- League: The Basketball League
- Founded: 2017
- History: Nevada Desert Dogs 2018 Mesquite Desert Dogs 2019–
- Arena: Rising Star Sports Ranch 2018 Virgin Valley High School 2019–
- Location: Mesquite, Nevada
- General manager: Carlnel Wiley
- Head coach: Carlnel Wiley

= Mesquite Desert Dogs =

American professional basketball team

The Mesquite Desert Dogs are an American professional basketball team based in Mesquite, Nevada.

==History==
On October 30, 2017, North American Premier Basketball (NAPB) announced a team would play in Mesquite, Nevada, for the league's inaugural 2018 season. On October 31, Paul Mokeski was named the head coach and general manager. On November 13, the team name was revealed as the Nevada Desert Dogs.
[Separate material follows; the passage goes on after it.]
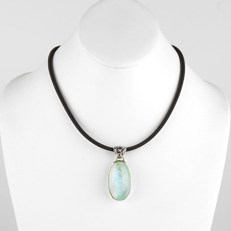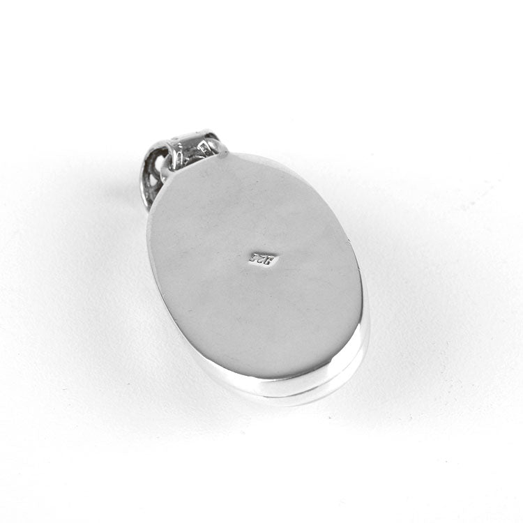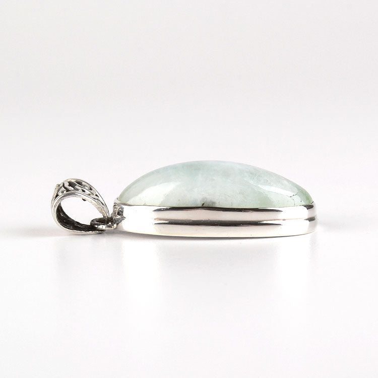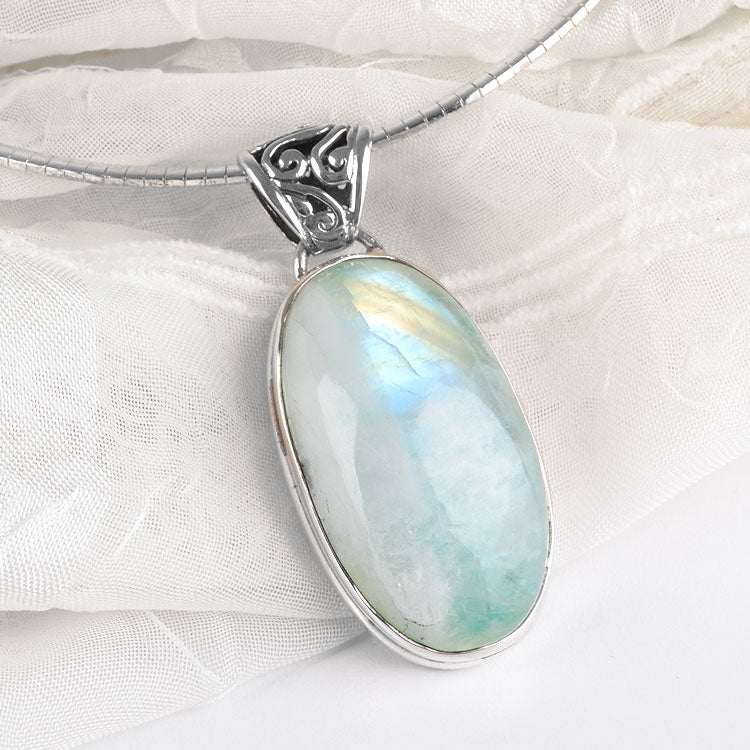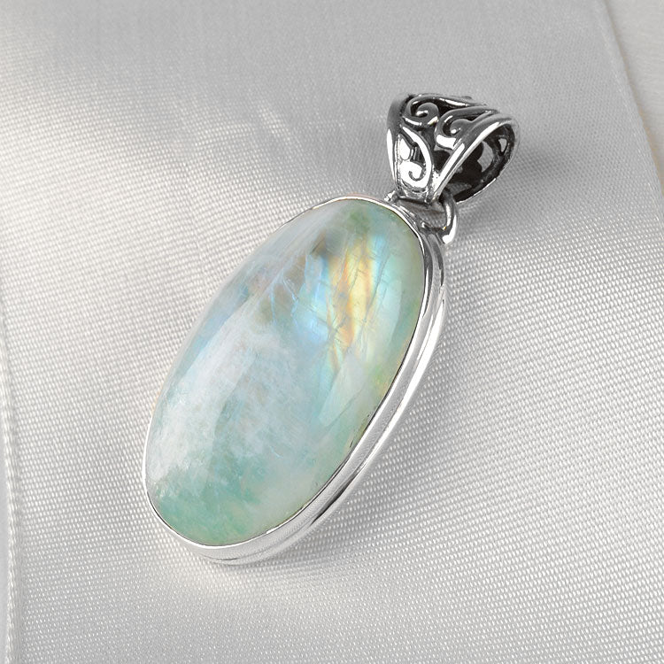 This unique pendant features one beautifully natural moonstone gemstone that has been polished and set in sterling .925 silver. The bail is a filigree of silver design adding to the glamour of this piece of jewelry. This pendant's total length is just over 1 3/4" long, total width is just over 3/4" wide, and it is nearly 1/2" thick. As with all moonstones, this one glows when viewed different ways.

After the inaugural NAPB season, the league was rebranded as The Basketball League (TBL) and on August 16, 2018, Mokeski was named the commissioner of the league. The Nevada Desert Dogs were also renamed the Mesquite Desert Dogs and assistant coach Carlnel Wiley was promoted to head coach and general manager for the 2019 season.

Sometime during the second season, the Desert Dogs changed its primary home venue to the Virgin Valley High School gymnasium, with at least one home game Hughes Middle School. The league and team continued to have issues with canceled games throughout the season, but the Desert Dogs qualified for a playoff spot.

Prior to the 2020 season, all the other west coast teams in The Basketball League either ceased operations or folded. The Desert Dogs were the last west coast team to withdraw, citing travel costs on November 18, 2019. It was announced that the team would return for the 2026 season for select games.